▶ [BRIEF]:
Write out an exact copy of the line containing "Shoecide 316l Çelik" and all lines that follow it in the data below, leaving out pictures.

▶ [INFORMATION SUPPLIED]:
════════════════════

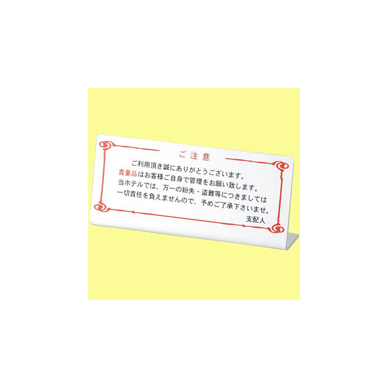 「L型注意サイン HG-26 盗難注意」の導入をご検討中ですか? 大量注文・複数台のご検討に応じたお見積りのご相談、最短納期や送料、仕様・サイズの確認など、 受付・会計・フロントプレートサイン選びをまとめてサポートいたします。
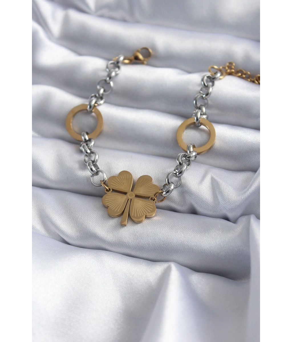 Shoecide 316l Çelik Mix Renk Zincir Model Yonca Figür Kadın Bileklik
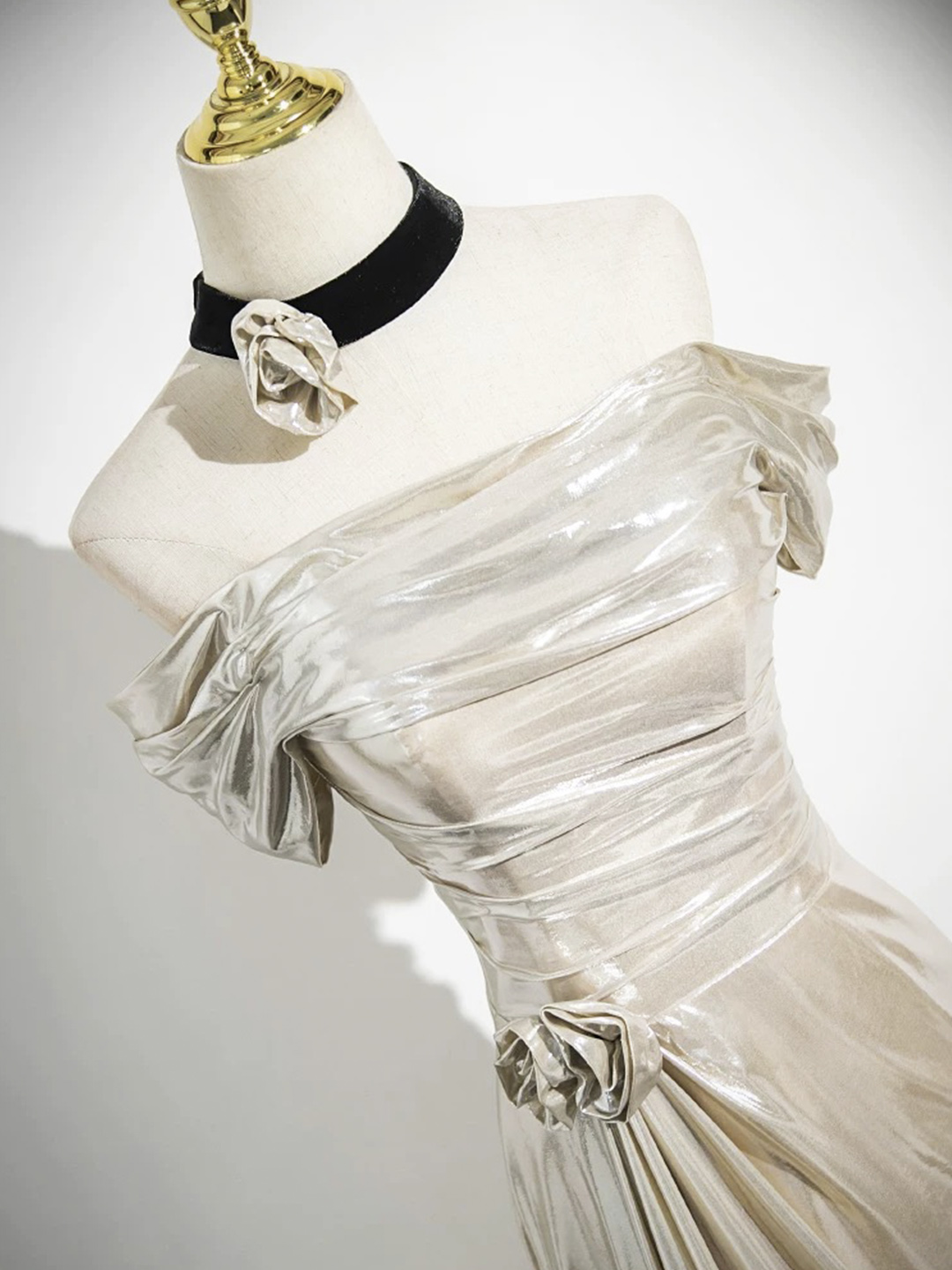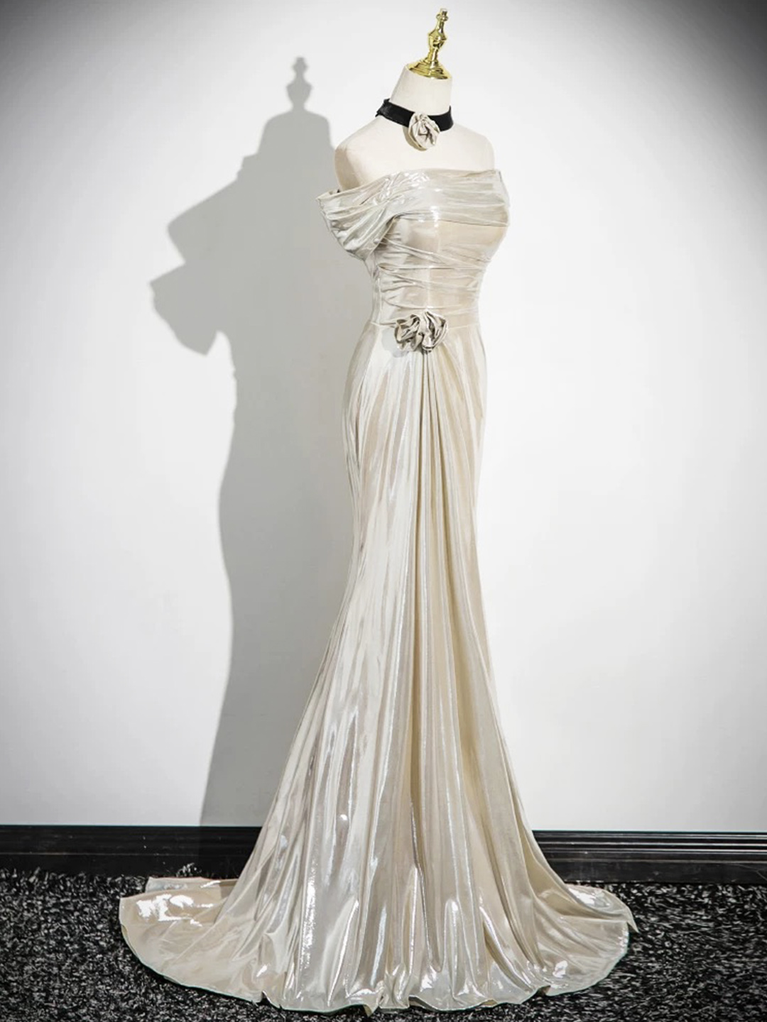 - Mermaid Off the Shoulder Prom Dress, Champagne Floor Length Party Dress -

════════════════════

▶ [EXERCISE ANSWER]:
 Shoecide 316l Çelik Mix Renk Zincir Model Yonca Figür Kadın Bileklik
 - Mermaid Off the Shoulder Prom Dress, Champagne Floor Length Party Dress -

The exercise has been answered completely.